German sprinter (born 1961)

Edgar Nakladal (born 6 July 1961) was a professional sprinter representing West Germany. At the inaugural IAAF World Championships in Athletics in 1983, he won the silver medal in the 4 × 400 m by virtue of running for his team in the preliminary rounds.
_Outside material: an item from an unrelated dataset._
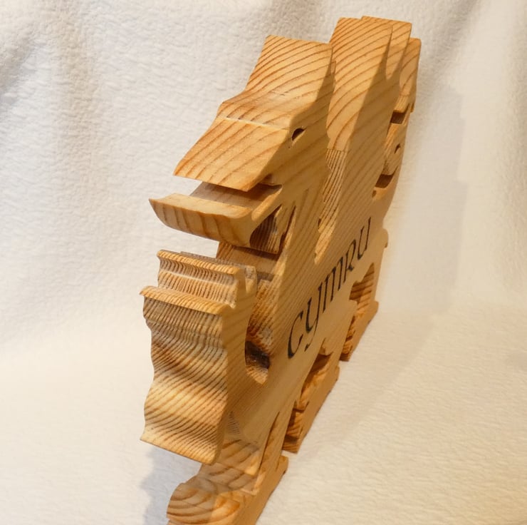 This unusual wooden Welsh Dragon ornament has been upcycled from reclaimed wood. The word 'Cymru' has been burnt into the wood by means of pyrography. It would make a lovely table centerpiece or mantlepiece ornament. This would make a perfect gift for a number of occasions such as a Housewarming Gift, or as an Easter gift.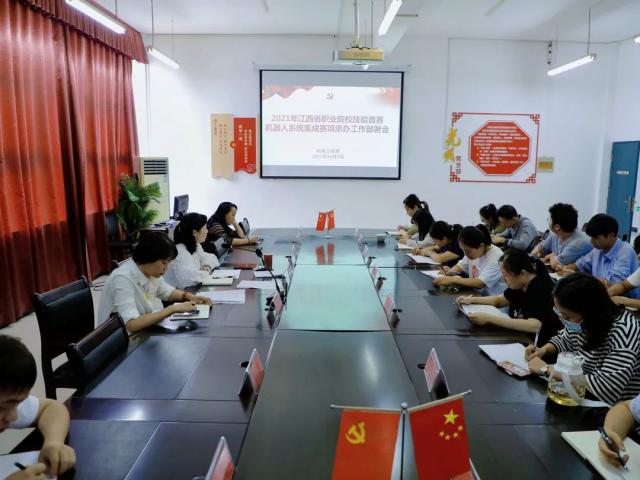 由江西省教育厅主办、江西工业贸易职业技术学院承办2021年江西省职业院校技能大赛“机器人系统集成”赛项11月上旬将在江西工业贸易职业技术学院机电工程系举办。为了对“机器人系统集成”赛项前期准备工作进行筹备,确保比赛顺利、高效、合理有序的开展,10月9日中午在机电工程系厚泽楼324光明党支部召开了承办江西省职业院校技能竞赛动员部署会。

Though he didn't run in the final at Worlds, he did run in the final and win the 4 × 400 m at the 1982 European Championships in Athletics and the 1979 European Junior Championships in Athletics.

His personal best in the 400 m was 45.97 seconds, which he set in Bremen, Germany on June 24, 1983. At the 1983 Worlds, he became one of the first athletes ever to be substituted out of a final and still receive a medal.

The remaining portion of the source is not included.